_TASK REQUIREMENTS:_
From the listing below, output only the lines starting at the line that has "تناقش الوثيقة تطور" and ending at the line that has "Si es usuario", exactly as they appear, ends included.

_MATERIAL SHOWN:_

━━━━━━━━━━

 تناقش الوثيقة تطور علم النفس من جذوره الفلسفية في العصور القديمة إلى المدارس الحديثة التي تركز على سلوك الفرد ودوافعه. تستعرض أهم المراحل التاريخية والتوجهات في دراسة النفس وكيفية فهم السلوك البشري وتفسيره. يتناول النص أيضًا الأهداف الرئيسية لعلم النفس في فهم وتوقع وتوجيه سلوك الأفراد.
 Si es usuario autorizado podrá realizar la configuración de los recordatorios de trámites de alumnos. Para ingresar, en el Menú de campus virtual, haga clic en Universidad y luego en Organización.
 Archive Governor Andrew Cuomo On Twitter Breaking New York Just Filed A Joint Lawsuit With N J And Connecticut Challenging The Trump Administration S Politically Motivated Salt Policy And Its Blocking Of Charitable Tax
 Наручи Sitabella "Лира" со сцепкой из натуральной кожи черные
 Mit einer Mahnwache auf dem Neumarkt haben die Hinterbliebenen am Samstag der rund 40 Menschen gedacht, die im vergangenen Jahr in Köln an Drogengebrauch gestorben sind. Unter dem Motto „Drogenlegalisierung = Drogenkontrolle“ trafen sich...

━━━━━━━━━━

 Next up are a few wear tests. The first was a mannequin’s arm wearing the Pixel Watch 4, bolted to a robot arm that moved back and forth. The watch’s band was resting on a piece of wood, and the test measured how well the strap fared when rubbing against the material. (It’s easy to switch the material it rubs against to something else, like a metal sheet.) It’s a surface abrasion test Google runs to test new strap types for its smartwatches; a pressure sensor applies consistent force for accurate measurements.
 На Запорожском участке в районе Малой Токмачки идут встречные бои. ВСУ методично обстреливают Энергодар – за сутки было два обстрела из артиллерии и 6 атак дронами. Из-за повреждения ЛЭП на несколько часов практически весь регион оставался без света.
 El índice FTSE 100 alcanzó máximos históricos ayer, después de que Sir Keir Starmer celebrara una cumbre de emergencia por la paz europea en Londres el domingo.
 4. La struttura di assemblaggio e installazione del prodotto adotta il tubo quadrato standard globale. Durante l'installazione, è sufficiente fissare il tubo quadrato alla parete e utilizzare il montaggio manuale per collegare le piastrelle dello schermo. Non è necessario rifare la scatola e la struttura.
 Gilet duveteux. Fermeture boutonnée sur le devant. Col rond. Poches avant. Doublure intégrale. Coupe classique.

━━━━━━━━━━

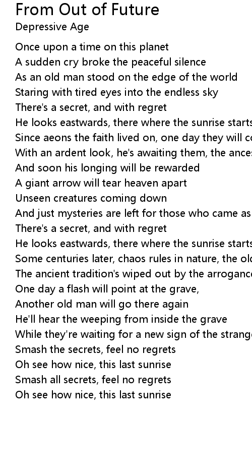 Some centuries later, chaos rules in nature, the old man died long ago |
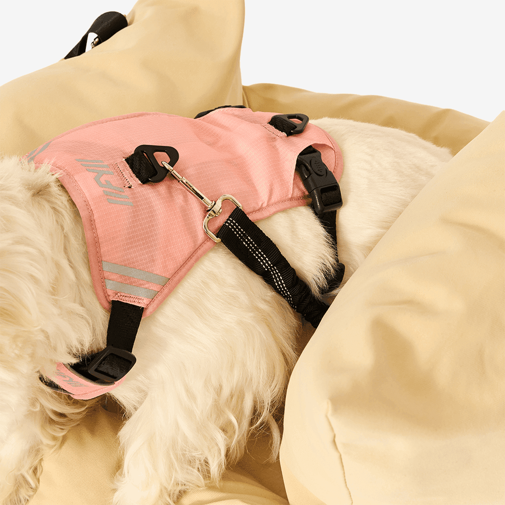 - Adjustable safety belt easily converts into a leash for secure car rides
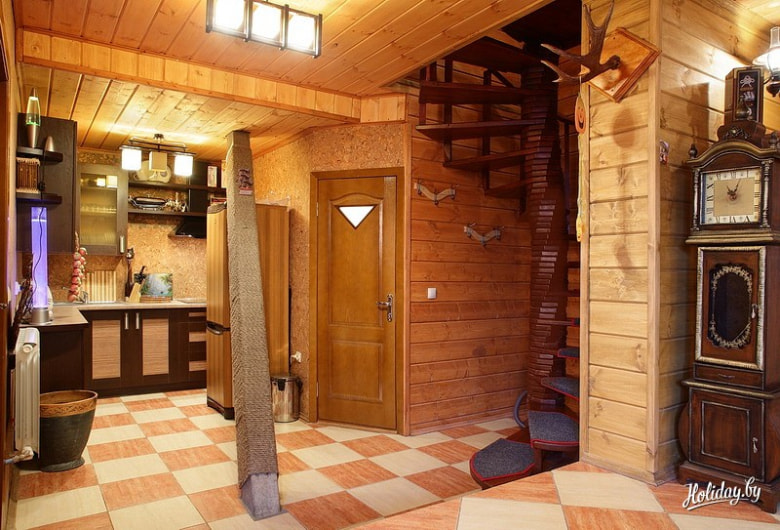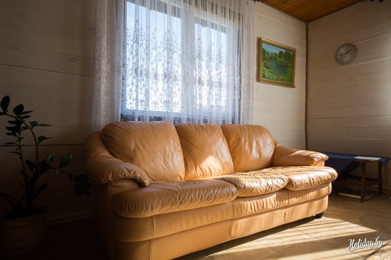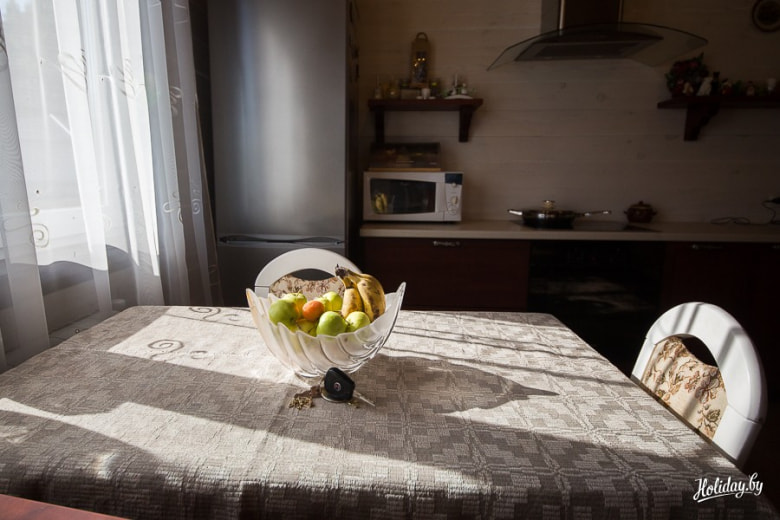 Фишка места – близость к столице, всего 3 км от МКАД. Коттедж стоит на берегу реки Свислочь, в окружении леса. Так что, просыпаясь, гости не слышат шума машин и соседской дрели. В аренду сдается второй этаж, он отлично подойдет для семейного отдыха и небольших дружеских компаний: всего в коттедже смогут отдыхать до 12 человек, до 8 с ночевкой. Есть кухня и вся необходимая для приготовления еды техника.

━━━━━━━━━━

_THE COMPLETED TASK:_
 تناقش الوثيقة تطور علم النفس من جذوره الفلسفية في العصور القديمة إلى المدارس الحديثة التي تركز على سلوك الفرد ودوافعه. تستعرض أهم المراحل التاريخية والتوجهات في دراسة النفس وكيفية فهم السلوك البشري وتفسيره. يتناول النص أيضًا الأهداف الرئيسية لعلم النفس في فهم وتوقع وتوجيه سلوك الأفراد.
 Si es usuario autorizado podrá realizar la configuración de los recordatorios de trámites de alumnos. Para ingresar, en el Menú de campus virtual, haga clic en Universidad y luego en Organización.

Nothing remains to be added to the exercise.